Material supplied.

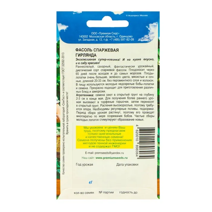 Раннеспелый, сахарный, фантастически урожайный, диетический сорт спаржевой фасоли. Плодоносит через 50-65 дней после всходов и до самых морозов. Плоды-лопатки очень большие, зелёного цвета, мясистые и сочные, длинной 20-33см, без пергаментного слоя и волокон. В пищу используются молодые недозрелые бобы-лопатки и семена. Прекрасно подходит для приготовления различных блюд и заморозки.
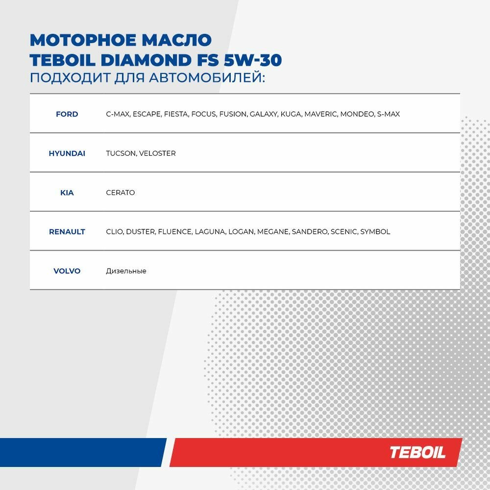 СохранитьСинтетическое моторное масло Teboil Diamond FS 5W-30, 4 л, 1 шт. интересное:
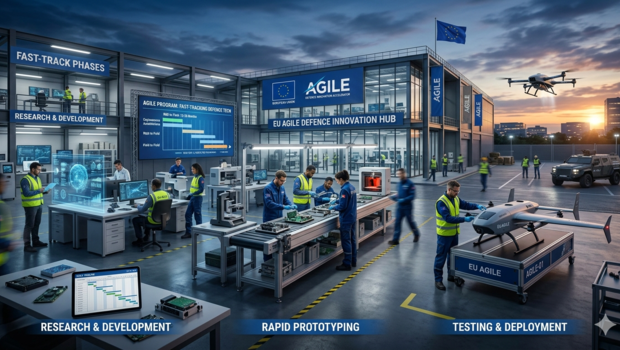Το AGILE, το οποίο προτάθηκε τον Μάρτιο του 2026 από την Ευρωπαϊκή Επιτροπή, είναι ένα εργαλείο ταχείας χρηματοδότησης για τη μετακίνηση των αμυντικών τεχνολογιών από την ανάπτυξη στην ανάπτυξη πολύ ταχύτερα από τα υφιστάμενα προγράμματα της ΕΕ.
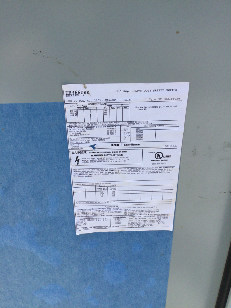 Eaton Corporation Dh366urk Safety Switch, 600 Volt, 60hz, 240vdc, 600 Amp, 3 Pole, Non-Fusible
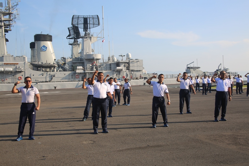 Agar fisik prajurit tetap bugar dan terjaga prima, Asisten Intelijen (Asintel) Pangkoarmada II Kolonel Laut (P) Tjatur Soniarto pimpin olah raga bersama seluruh prajurit Koarmada II yang dilaksanakan di Dermaga Madura Koarmada II. Jum’at (22/02/2019).
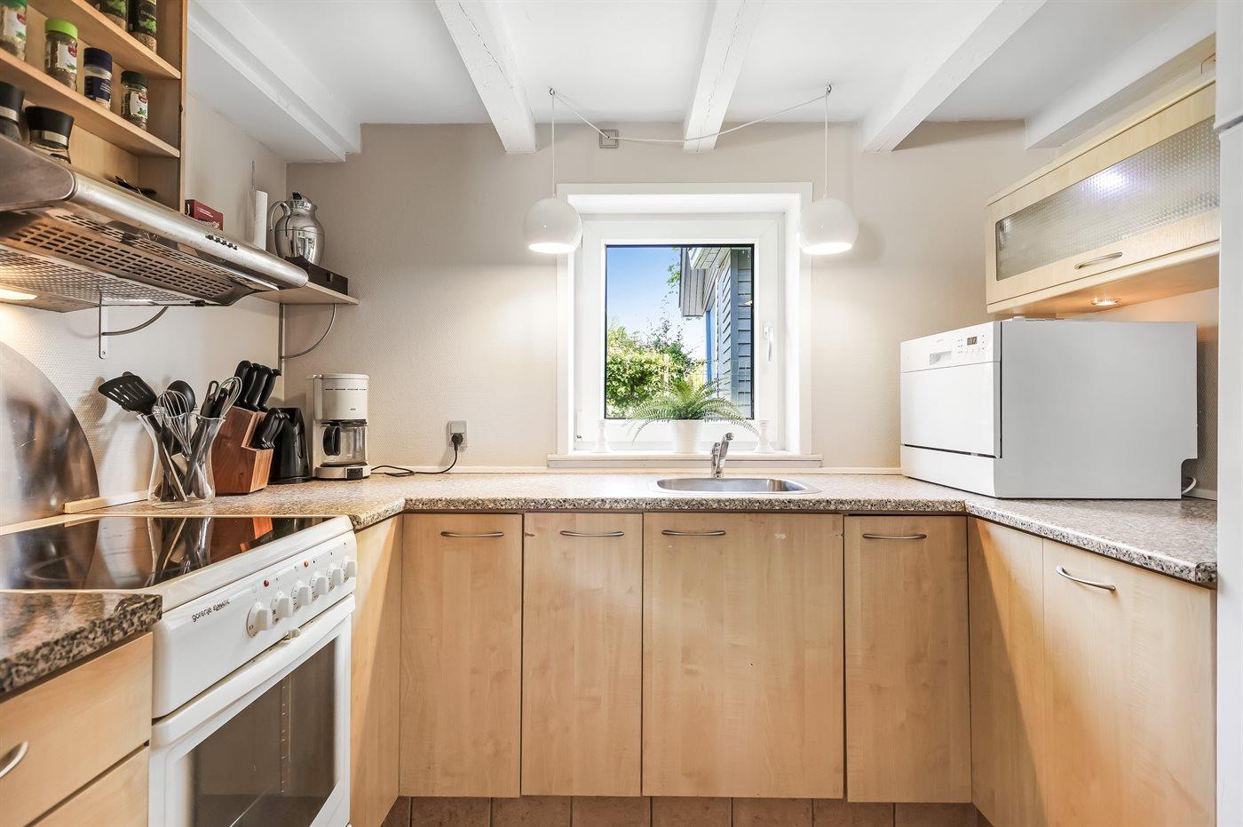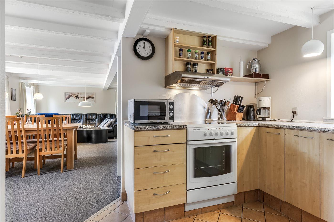 Køkkenet er udstyret med opvaskemaskine og 1 køleskab med indbygget fryser. Der er 4 keramiske kogeplader, varmluftovn, mikrobølgeovn.
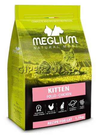 Meglium Kitten с курицей содержит 36% мяса курицы, обеспечивающего питательные белки, и 4% муки форели, добавляющей полезные Омега-3 жирные кислоты.
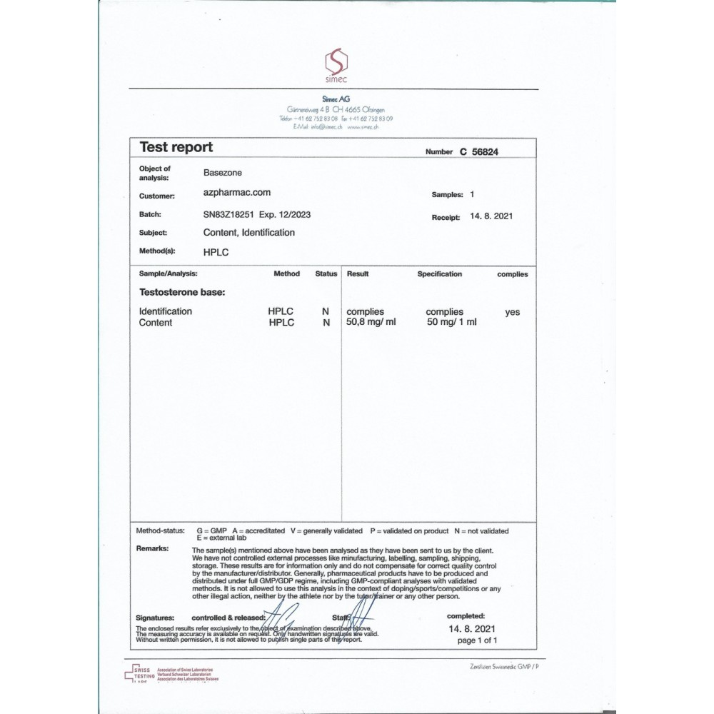 Specifiche Basezone Testosterone AlphaZone Pharmaceuticals
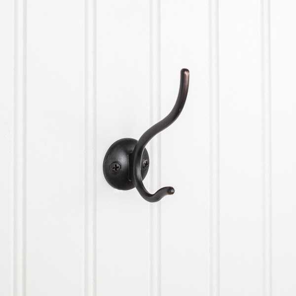 Bring a contemporary touch to your space with this Brushed Oil Rubbed Bronze slender double prong hook from Elements. Proudly display a prepared outfit in your walk-in closet, or hang a comfy robe in your bathroom, this wall hook will look fabulous in any space. This hook is available in three beautiful finishes. Each hook is weight tested to hold up to 35 pounds and individually packaged to prevent damage. Packaging includes mounting screws and installation instructions.

Task requirements. After dropping the pictures, please set down the lines from the beginning of the listing through the line containing "Eaton Corporation Dh366urk", both included, exactly as they stand.

Response to the exercise.
 Раннеспелый, сахарный, фантастически урожайный, диетический сорт спаржевой фасоли. Плодоносит через 50-65 дней после всходов и до самых морозов. Плоды-лопатки очень большие, зелёного цвета, мясистые и сочные, длинной 20-33см, без пергаментного слоя и волокон. В пищу используются молодые недозрелые бобы-лопатки и семена. Прекрасно подходит для приготовления различных блюд и заморозки.
 СохранитьСинтетическое моторное масло Teboil Diamond FS 5W-30, 4 л, 1 шт. интересное:
Το AGILE, το οποίο προτάθηκε τον Μάρτιο του 2026 από την Ευρωπαϊκή Επιτροπή, είναι ένα εργαλείο ταχείας χρηματοδότησης για τη μετακίνηση των αμυντικών τεχνολογιών από την ανάπτυξη στην ανάπτυξη πολύ ταχύτερα από τα υφιστάμενα προγράμματα της ΕΕ.
 Eaton Corporation Dh366urk Safety Switch, 600 Volt, 60hz, 240vdc, 600 Amp, 3 Pole, Non-Fusible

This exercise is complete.